ABSTRACT
The prevalence of non-alcoholic fatty liver disease (NAFLD) in children has almost tripled over the past 20 years.
NAFLD currently affects 8-12% of the general pediatric population in the U.S. and more that 30% of obese
children. It is associated with an increased risk of developing advance stages of liver disease as well as
cardiovascular and metabolic diseases. Mounting evidence suggests that early life environmental exposures
contribute to the etiology of NAFLD. PFAS are persistent compounds widely used in water repellant textiles,
nonstick coatings, and food packaging products, and have long half-lives (up to a decade) in humans. Almost all
U.S. children and adolescents have detectable PFAS blood levels. Even low dose exposure to PFAS induces
hepatotoxic effects in animal models. Despite abundant evidence from experimental studies, epidemiologic study
is limited to a few cross-sectional studies in adults. We therefore propose a novel study design for investigating
PFAS hepatotoxic effects in humans. We will leverage clinical and liver histopathological data from the Teen-
Longitudinal Assessment of Bariatric Surgery (Teen-LABS) study, which is the largest national multi-center
longitudinal, prospective study on teenagers undergoing bariatric surgery, and offers a unique archive of liver
tissue and blood samples. We hypothesize that higher PFAS concentrations will be associated with NAFLD and
non-alcoholic steatohepatitis (NASH, more severe NAFLD) at the time of surgery; furthermore, the large
metabolic changes occurring after the bariatric surgery “natural experiment” will magnify effects of PFAS
exposures, resulting in attenuated improvement in liver injury after surgery. To test this hypothesis, we will use
archived samples collected at the time of surgery to measure PFAS concentrations in plasma and liver and
assess associations with liver histopathology at the time of surgery and with improvement in liver injury during
follow up (Aims1&2). We will then identify pathways altered by PFAS exposure based on high resolution
metabolomics profiles in liver tissue and plasma samples, using a hierarchical modeling approach (Aim 3).

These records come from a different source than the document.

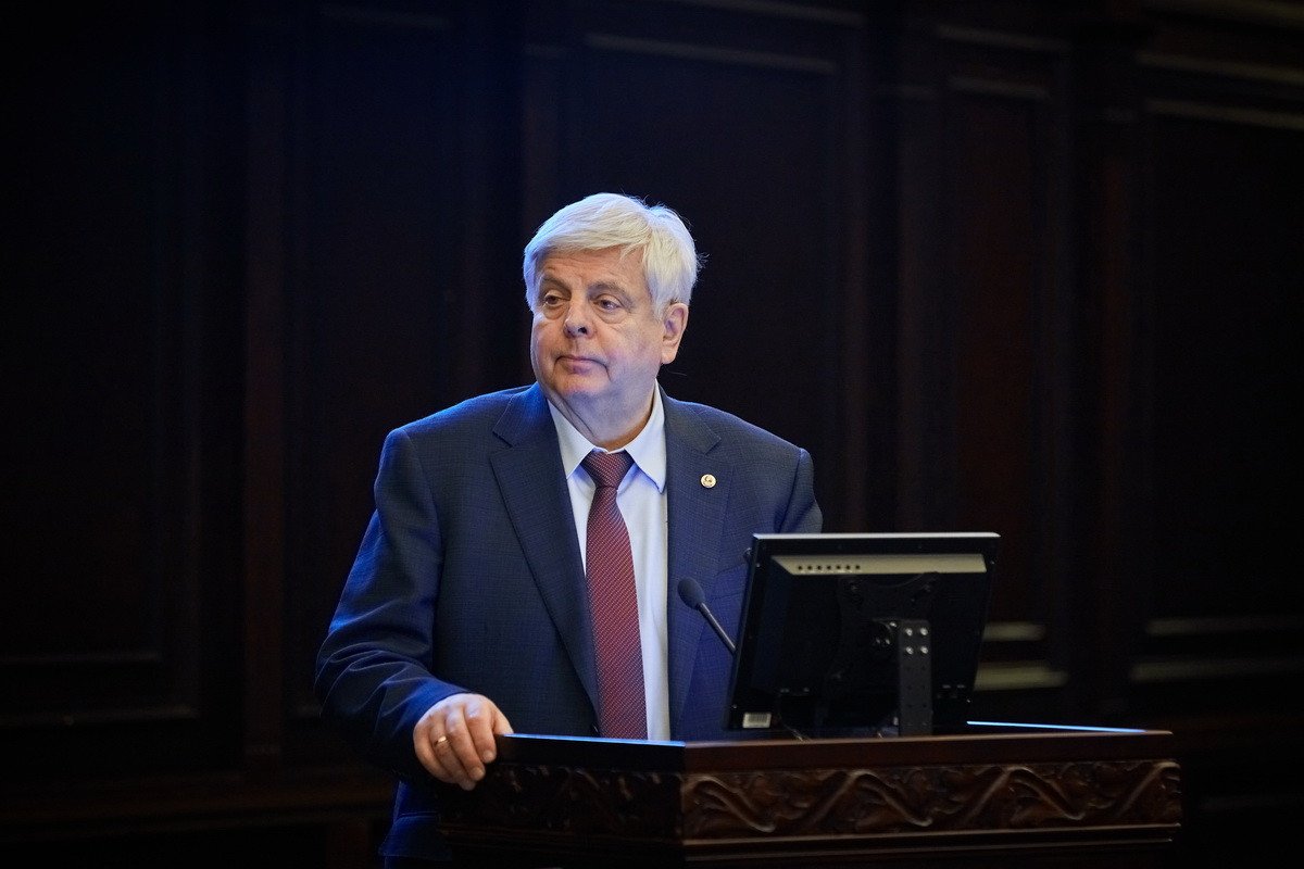 Директор НИИ ядерной физики им. Д.В. Скобельцына МГУ Э.Э. Боос представил обширную программу исследований по физике космоса, реализуемую институтом. Среди ключевых проектов — многоспутниковая группировка «Созвездие-270», эксперимент «Нуклон-2» по изучению состава космических лучей, астрофизический комплекс «Тайга» в Тункинской долине и проект по созданию космической квантовой связи. Он также подчеркнул преемственность традиций, напомнив об открытии внешнего радиационного пояса Земли группой С.Н. Вернова и А.Е. Чудакова в 1958 г.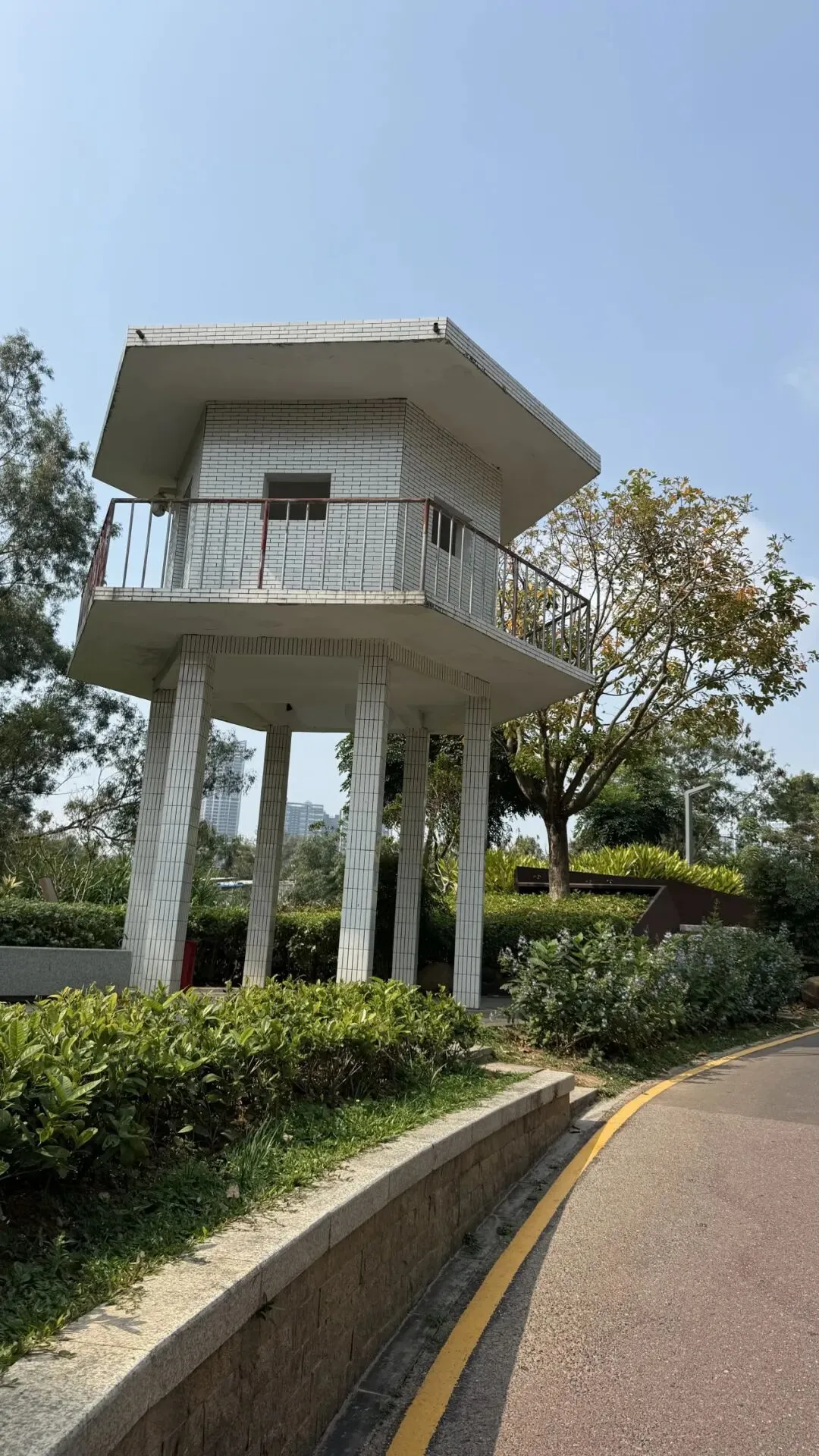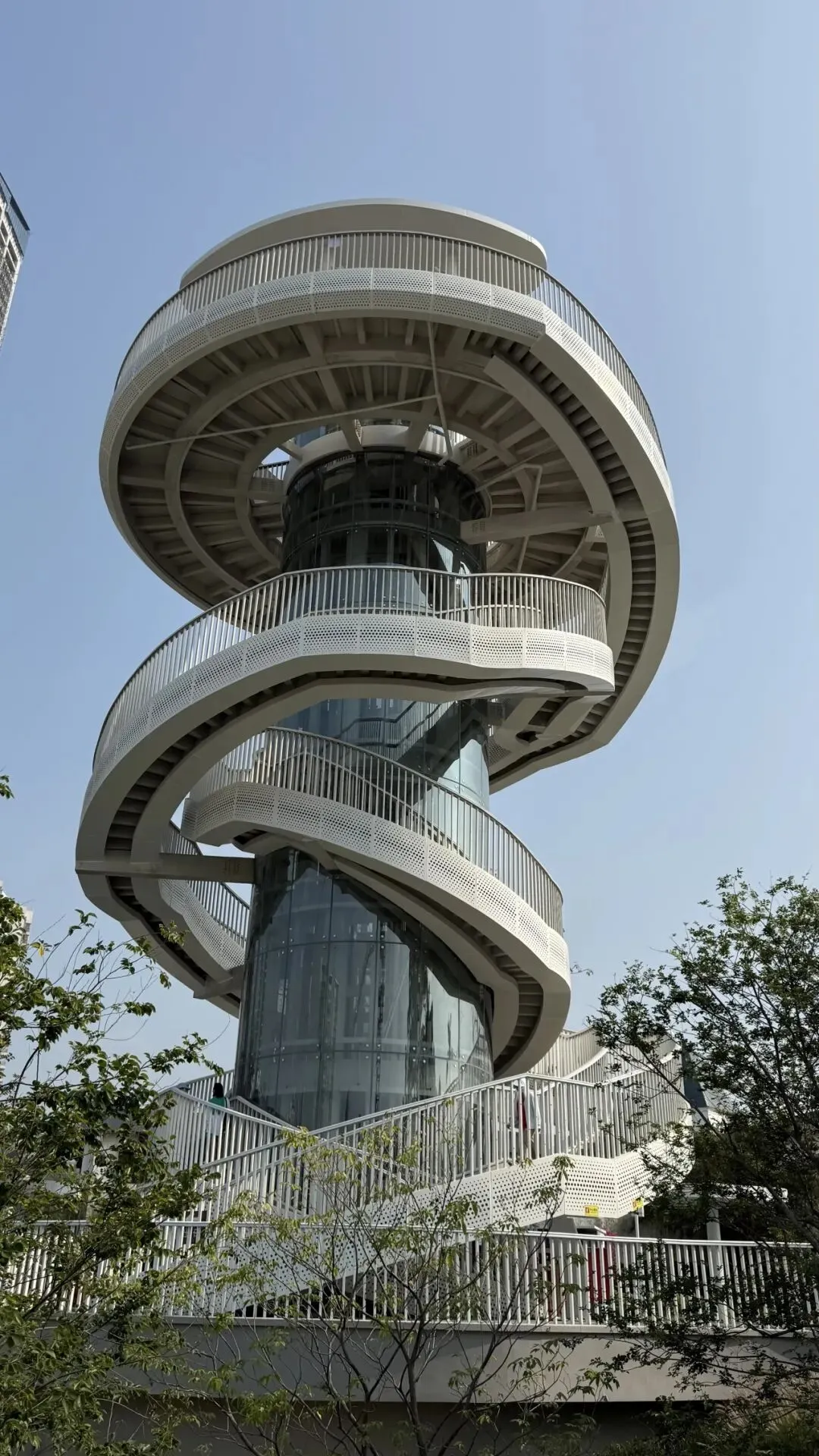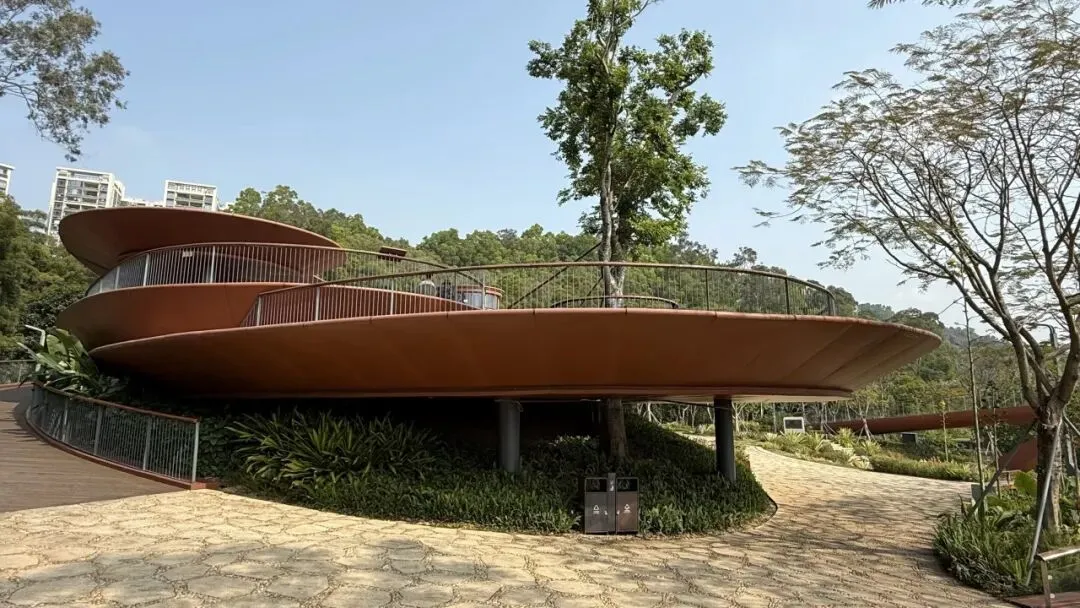 作为徒步起点,湖光塔的双螺旋造型极具设计感,最贴心的是配有电梯,不用费力攀爬就能轻松登顶。站在塔上,深圳水库的碧波、梧桐山的连绵山色尽收眼底,微风拂面,满眼绿意,是俯瞰罗湖山水的绝佳机位,随手一拍就是山水大片。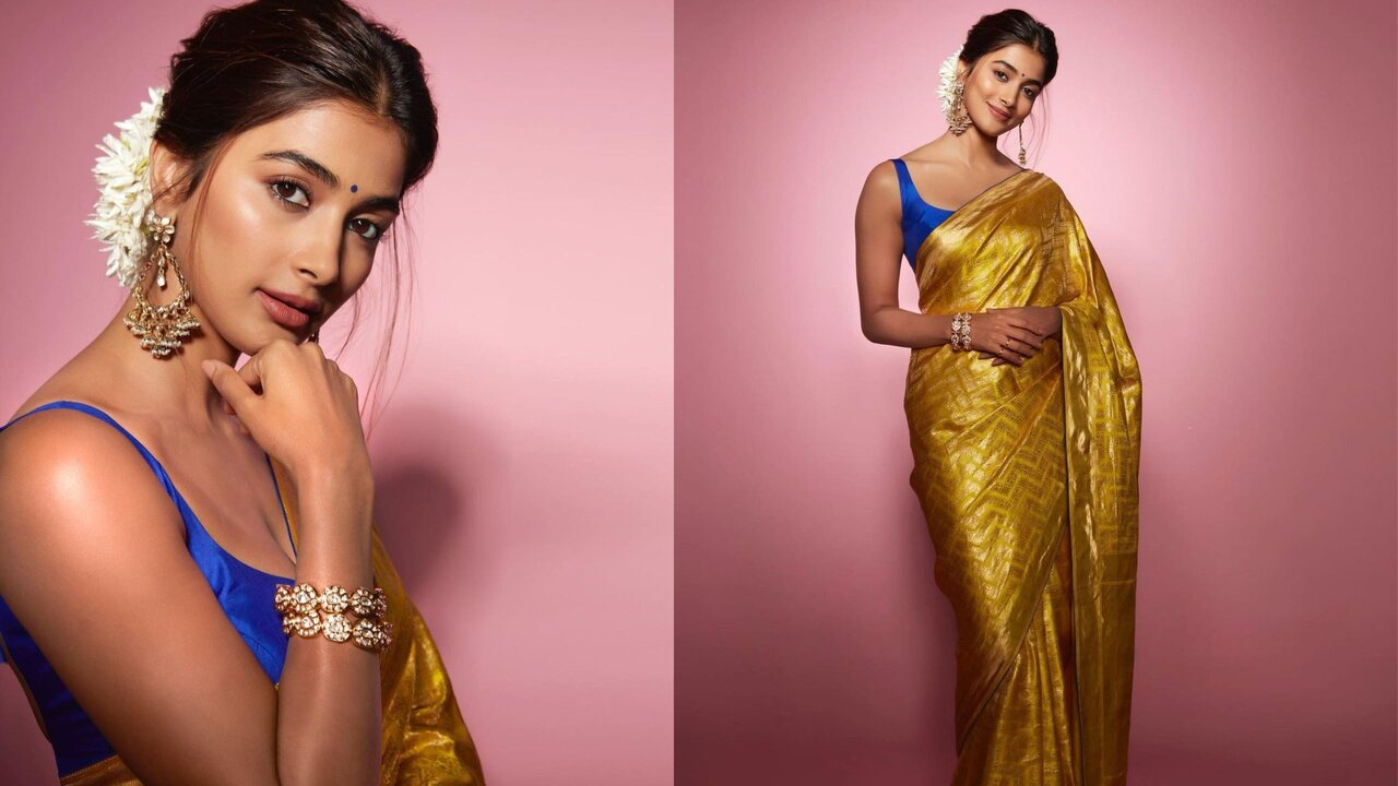 Pooja demonstrates how to use color blocking to create a stylish ethnic style while wearing this golden raw Mango saree. Her luxurious mustard yellow silk sari with chevron-patterned gold zari embroidery. The sleeveless silk blouse in a vivid shade of cobalt blue provides a stunning contrast that instantly elevates the saree.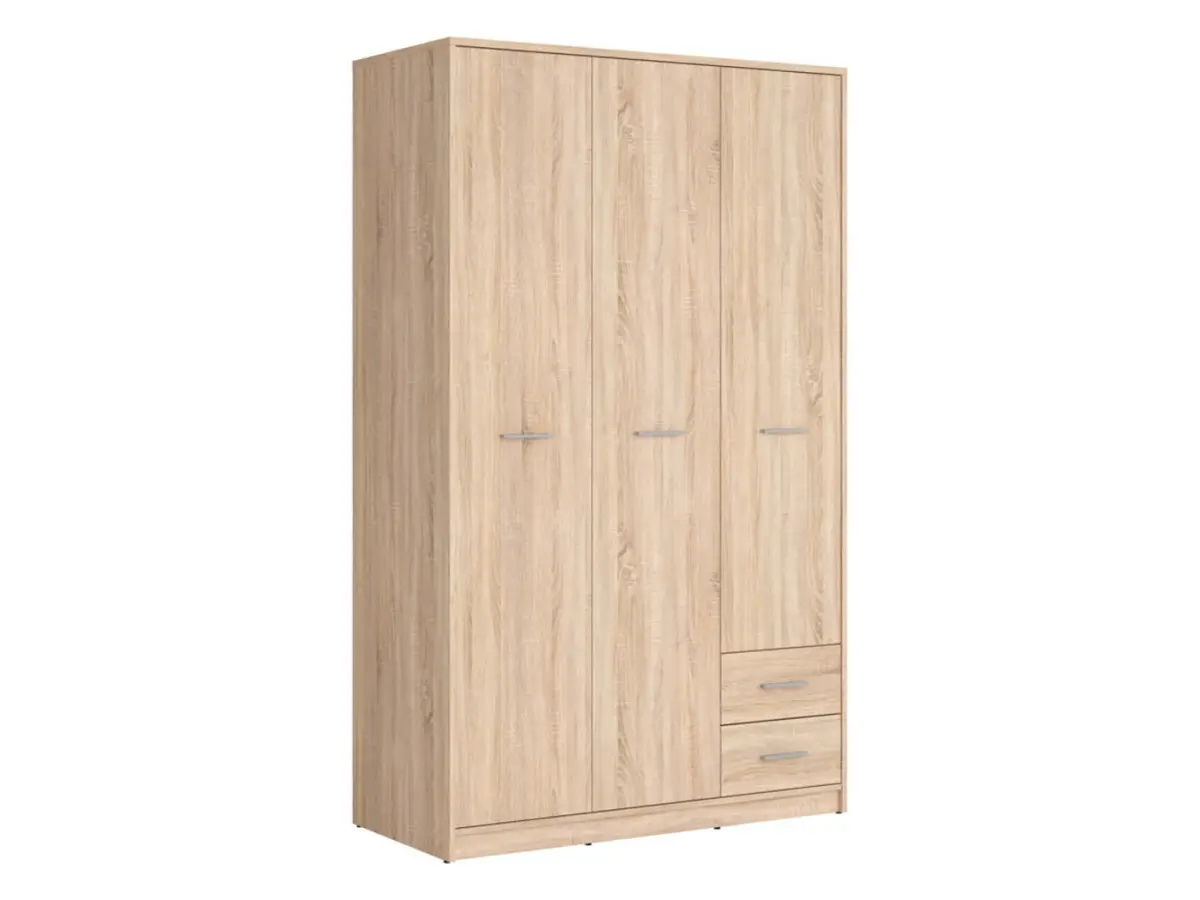 Tras sus tres puertas hay espacio para todo: ropa colgada, doblada y los pequeños accesorios que suelen perderse. Dos barras para perchas, dos estantes superiores y dos cajones compactos: un lugar para cada cosa.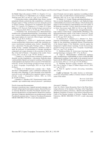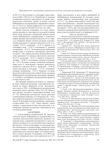 2. Даценко Ю. С., Пуклаков В. В. Анализ многолетних изменений зон аноксии в Можайском водохранилище по результатам модельных расчетов // Водные ресурсы, 2021, т. 48, № 1, с. 34-41. EDN: WGJTZD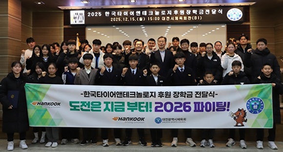 [아이뉴스24 김천겸 기자] 대전시체육회는 15일 대전시체육회 회의실에서 한국타이어앤테크놀로지가 후원하는 ‘2025 한국타이어앤크놀로지 후원 우수선수 장학금 전달식’을 개최했다.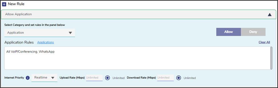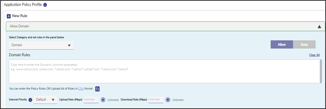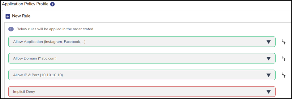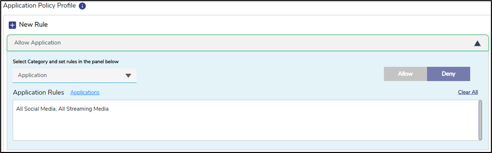 To deny access to all Social media and Streaming applications, click + New Rule button under the Application Policy Profile section.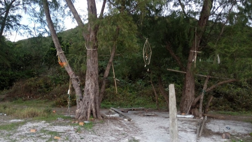 Отказавшись ночевать на полу кафе, куда в полночь вполне могла заглянуть компания местных рыболовов, чтобы выпить виски, мы разбили палатку прямо на берегу океана на месте, куда, вероятно, часто когда-то приходили местные шаманы, ибо там висело много интересных символов, а также dream catcher.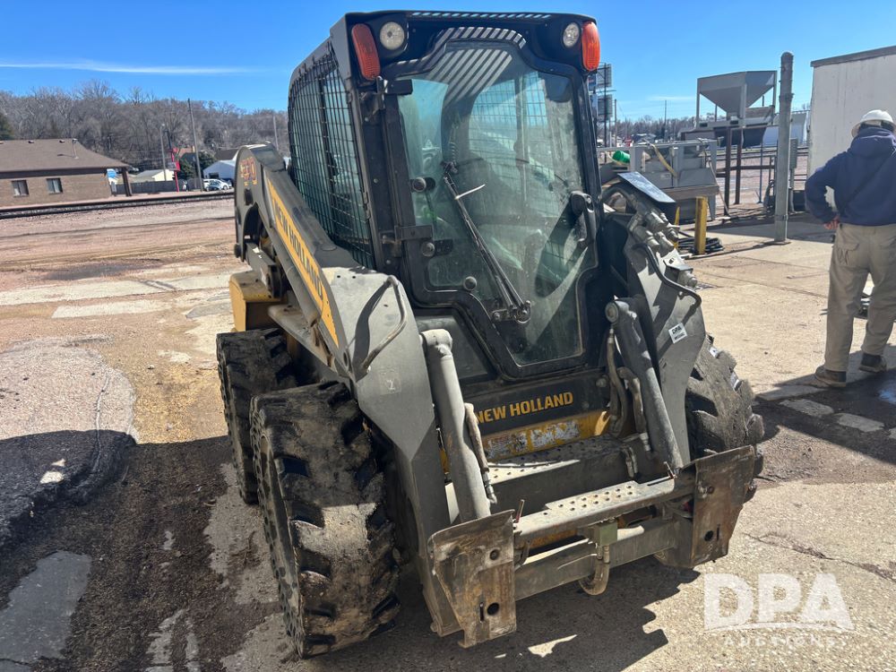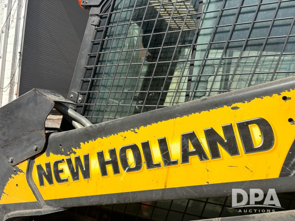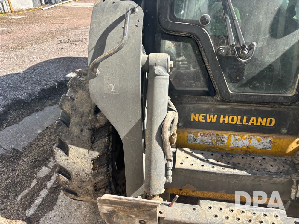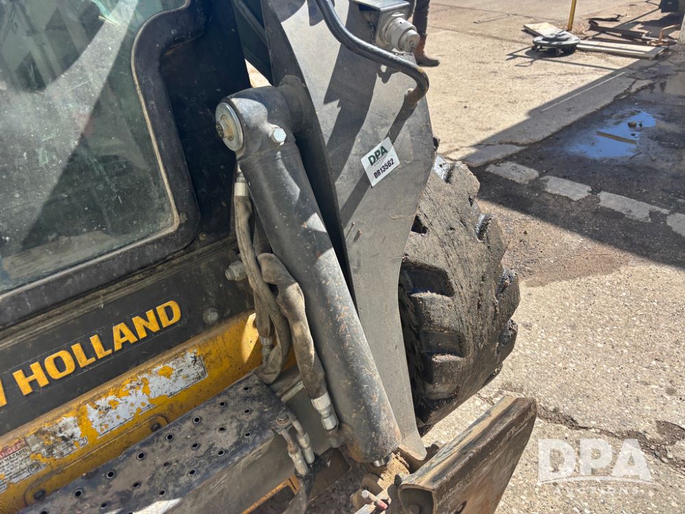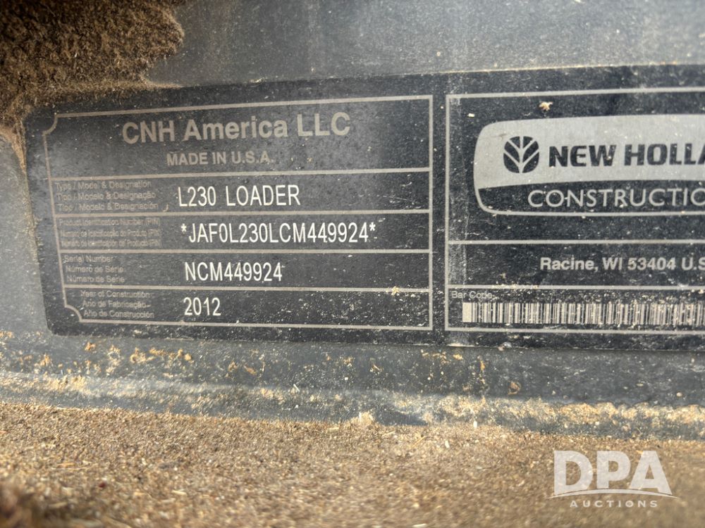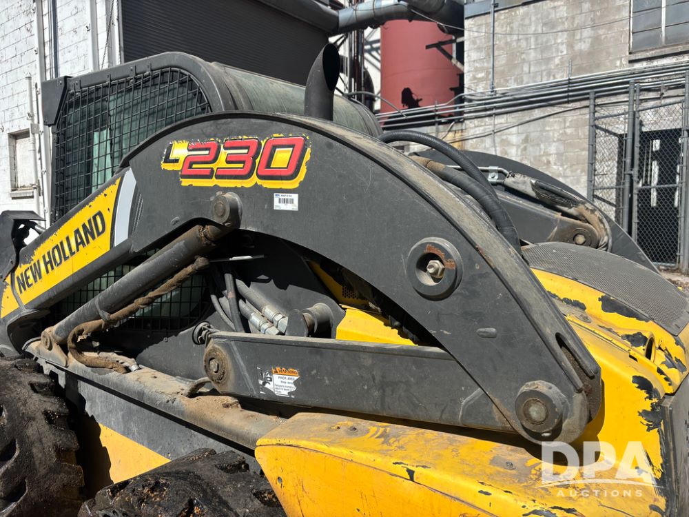 New Holland Skid Loader (DR13562), model L230, diesel engine, hydrostatic drive, enclosed cab w/heat and air conditioning, auxiliary hydraulic and electrical outlets, solid tires, quick tach front 84'' bucket, AM/FM radio, shows 3728 hours.

Finally, we will integrate results from the PFAS-omics analyses, using a novel latent variable modeling
framework, to identify subgroups of adolescents who have less improvement in liver injury after bariatric surgery,
based on their PFAS exposure and metabolomics profiles (Aim 4). The proposed research will be the first human
study to examine the effects of PFAS exposure on NAFLD using the gold standard of liver biopsies for disease
diagnosis and liver-specific and plasma metabolomic measures for examining biological mechanisms linking
exposure to disease. A strong interdisciplinary team of investigators brings expertise in environmental
epidemiology, pediatric hepatology, bariatric surgery, metabolomics, and biostatistics. The study, utilizing
existing data and biosamples from a well-phenotyped clinical adolescent bariatric surgery cohort, is an
innovative, cost-effective approach to advance our understanding of environmental contributions to pediatric liver
disease that may identify new targets for prevention and intervention starting early in life.